In the long term however, a mailing list is too limited to promote effective time trading. A more natural forum will need to be constructed, which provides for the following key activities:
Profiles communicate a developer's background and skills to the community, allowing help seekers to find help providers based on area of expertise. Profiles could be augmented by community members based on completed time trades.

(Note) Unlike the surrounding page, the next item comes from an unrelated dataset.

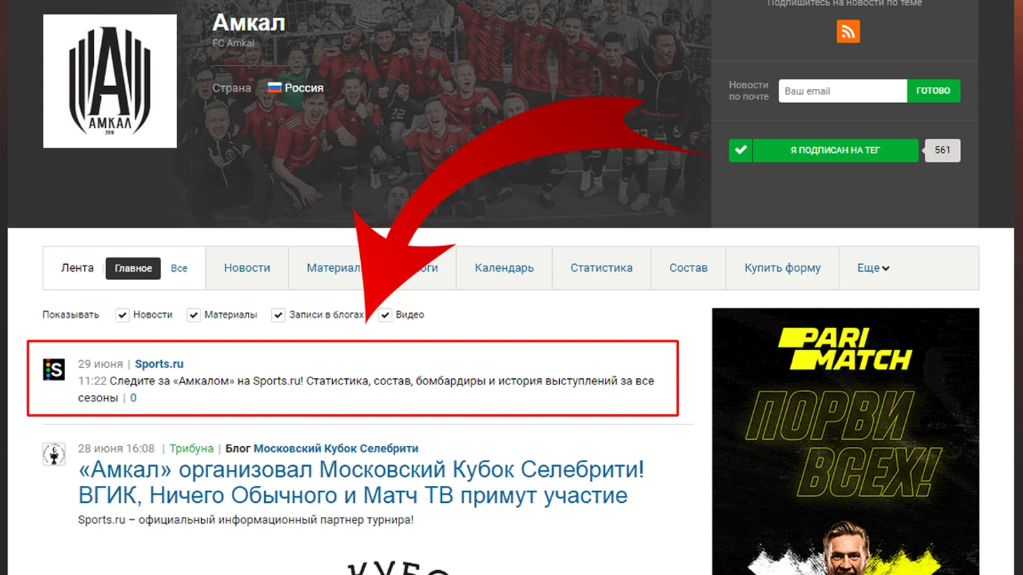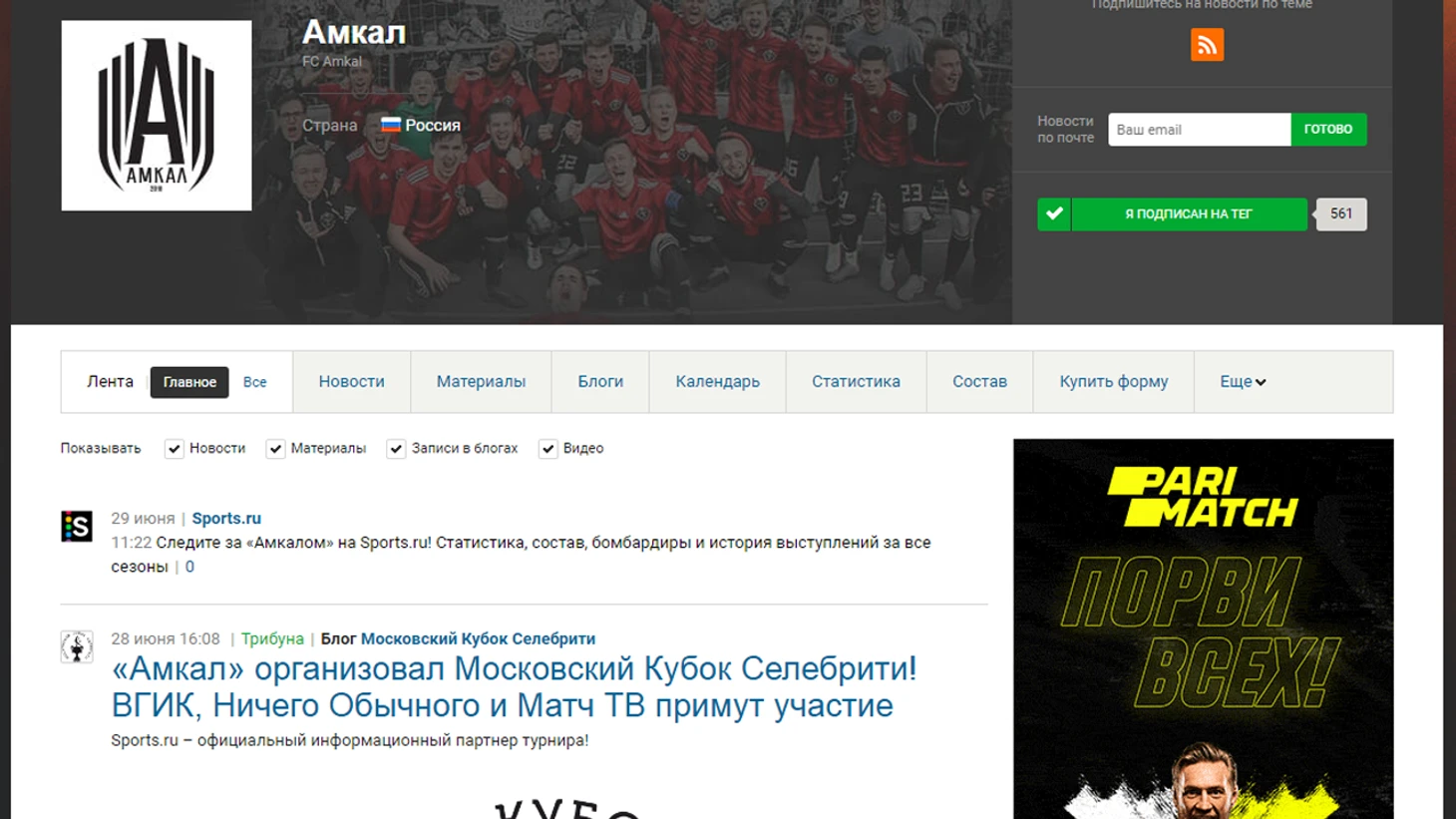 Тег – это своеобразный раздел сайта, где можно найти все новости / материалы / статистику, которые связаны с этим тегом. Чтобы попасть на страницу тега «Амкала» вам нужно вбить название команды в поисковую строку сайта или приложения и перейти по предложенному тегу «Амкал». У вас откроется страница, которая представлена на скриншоте выше, и вот тут то и начинается самое интересное. Дальше давайте рассмотрим все доступные вкладки тега по порядку.

A bid is an offer of an amount of labor by an initiator (the person starting the bid) in return for another amount by a responder (the person who responds to the bid). The forum's bidding system should be able to express bids like "I offer at least 5 hours and up to 10 by twice your hours for satisfying task Lyn-1120," and should relay counteroffers back and forth until an agreement is reached. More generally, bids could be seen as tuples of (min hours, max hours, labor function), where labor function takes the amount of hours spent by the responder and returns the amount of hours to be spent by the initiator. A typical labor function might look like this:
def labor_funtion(responder_hours): return responder_hours + 15
combined with a min hours of 15 and max of 25, this could be an extremely enticing grovel for the right expert resonder, since a 3 hour time investment by the expert could yield 18 hours of labor for his own project. Even if the expert miscalculates and spends 20 hours on the problem, he has still acquired 25 hours of the initiator's labor.
Even bids (where inititiator and responder spend the same amount of time) can be accomplished with the identity labor function, and sufficiently fringe min and max bids. Even bids would be common in the case that both participants are experts in different areas and novices in different areas. For example, a Smalltalk ace learning Lisp could make an even trade with a Lisp guru just learning Smalltalk.